• _Problem details_: In your copy of the listing below, reproduce each word exactly and include no pictures.

::::

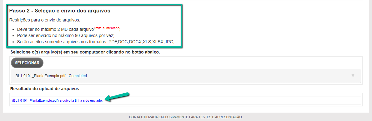 Não se esqueça também de que não são todos os tipos e tamanhos de documentos que o sistema aceita, apenas os informados abaixo, e é possível fazer o upload de até 90 arquivos por vez.
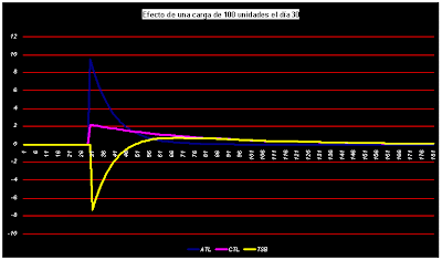 Puede verse que CTL y ATL evolucionan exponencialmente con el transcurso del tiempo, de forma similar a las componentes de adaptación y fatiga del modelo impulso respuesta dado que las constantes de tiempo son las mismas, el TSB es negativo inicialmente y crece exponencialmente hasta un máximo a partir del cual decrece a cero a largo plazo.
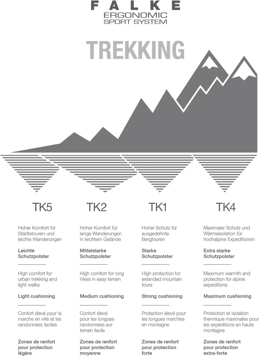 - De versterkte, ademende en hoogwaardige thermosokken van aangenaam zachte wol zonder motief zorgen voor een aangenaam, verkoelend gevoel tijdens het wandelen. Wandelsok van FALKE voor lange wandelingen in gemakkelijk terrein.
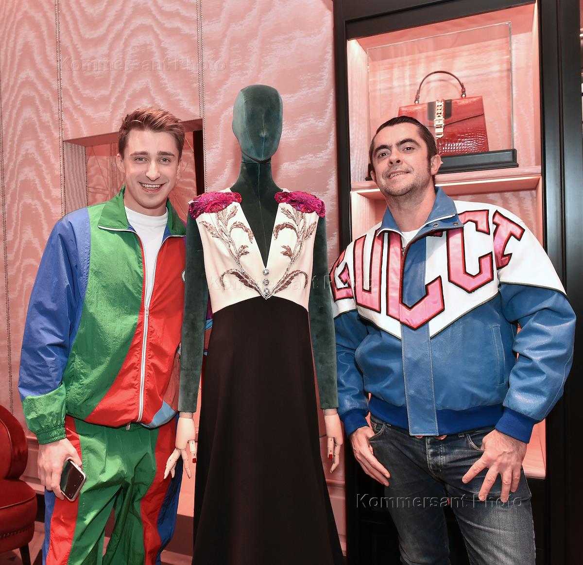 Коктейль, посвященный открытию бутика Gucci в галерее "Времена Года". Актер Артем Королев (слева) на…
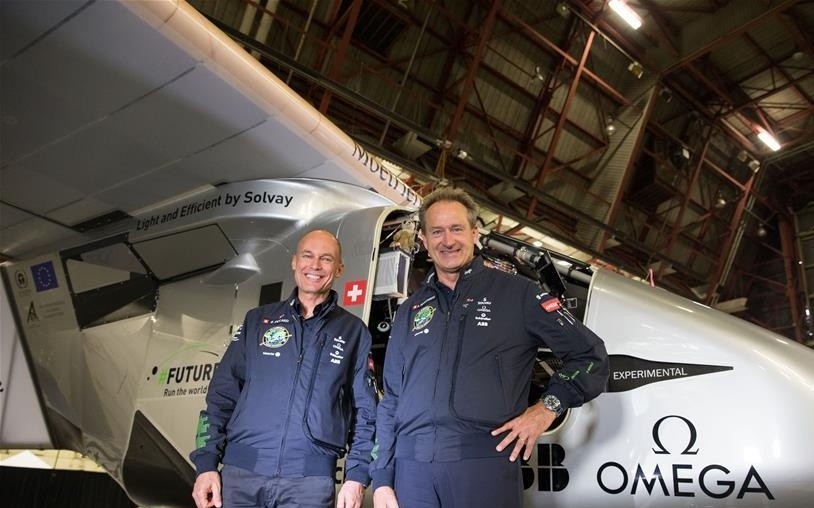 6月13日,在美国纽约肯尼迪国际机场,全球最大太阳能飞机“阳光动力”2号飞行员贝特兰德·皮卡德(左)和安德烈·博尔施贝格在飞机前留影。新华社记者李木子摄
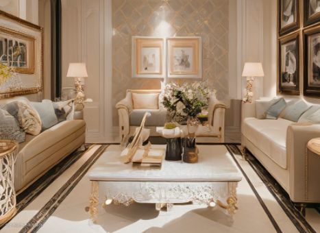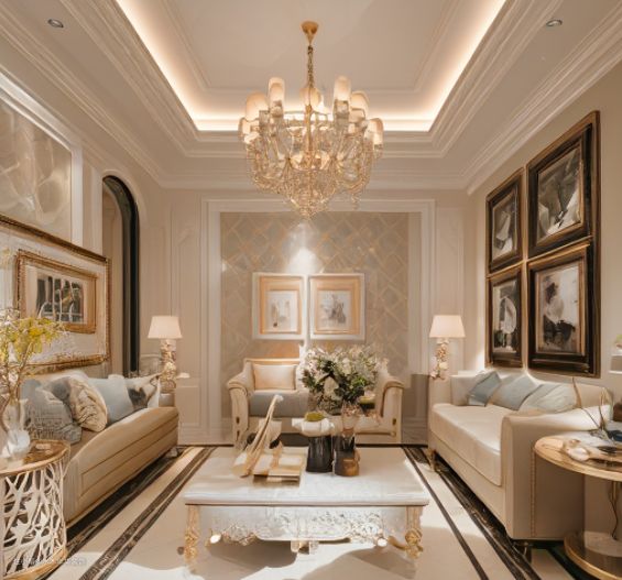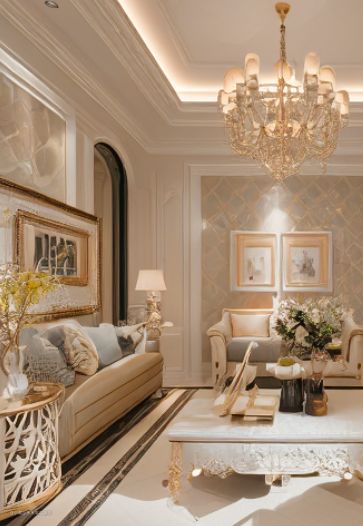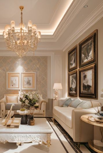 整屋采用奶油色系,这通常会为空间带来柔和、温暖和舒适的氛围。这种颜色选择非常适合与家人和朋友一起享受家庭时光。客厅回形吊顶搭配水晶灯能为客厅增添层次感和高级感。搭配闪亮的水晶灯,增加了空间的奢华感。采用U型沙发布局非常适合家庭聚会或与朋友一起观看电影。宽敞的U型沙发也能提供足够的空间进行休息和放松。方形设计感茶几简洁而现代,与U型沙发形成了良好的视觉对比。同时,由于它的方形设计,可以很好地适应沙发的布局。 墙面搭配复古艺术挂画为墙面增添了艺术气息,而复古风格则带来了独特的视觉效果。这种设计为空间增添了典雅和个性化的元素。

::::

• _Task solution_:
 Não se esqueça também de que não são todos os tipos e tamanhos de documentos que o sistema aceita, apenas os informados abaixo, e é possível fazer o upload de até 90 arquivos por vez.
 Puede verse que CTL y ATL evolucionan exponencialmente con el transcurso del tiempo, de forma similar a las componentes de adaptación y fatiga del modelo impulso respuesta dado que las constantes de tiempo son las mismas, el TSB es negativo inicialmente y crece exponencialmente hasta un máximo a partir del cual decrece a cero a largo plazo.
 - De versterkte, ademende en hoogwaardige thermosokken van aangenaam zachte wol zonder motief zorgen voor een aangenaam, verkoelend gevoel tijdens het wandelen. Wandelsok van FALKE voor lange wandelingen in gemakkelijk terrein.
 Коктейль, посвященный открытию бутика Gucci в галерее "Времена Года". Актер Артем Королев (слева) на…
 6月13日,在美国纽约肯尼迪国际机场,全球最大太阳能飞机“阳光动力”2号飞行员贝特兰德·皮卡德(左)和安德烈·博尔施贝格在飞机前留影。新华社记者李木子摄
 整屋采用奶油色系,这通常会为空间带来柔和、温暖和舒适的氛围。这种颜色选择非常适合与家人和朋友一起享受家庭时光。客厅回形吊顶搭配水晶灯能为客厅增添层次感和高级感。搭配闪亮的水晶灯,增加了空间的奢华感。采用U型沙发布局非常适合家庭聚会或与朋友一起观看电影。宽敞的U型沙发也能提供足够的空间进行休息和放松。方形设计感茶几简洁而现代,与U型沙发形成了良好的视觉对比。同时,由于它的方形设计,可以很好地适应沙发的布局。 墙面搭配复古艺术挂画为墙面增添了艺术气息,而复古风格则带来了独特的视觉效果。这种设计为空间增添了典雅和个性化的元素。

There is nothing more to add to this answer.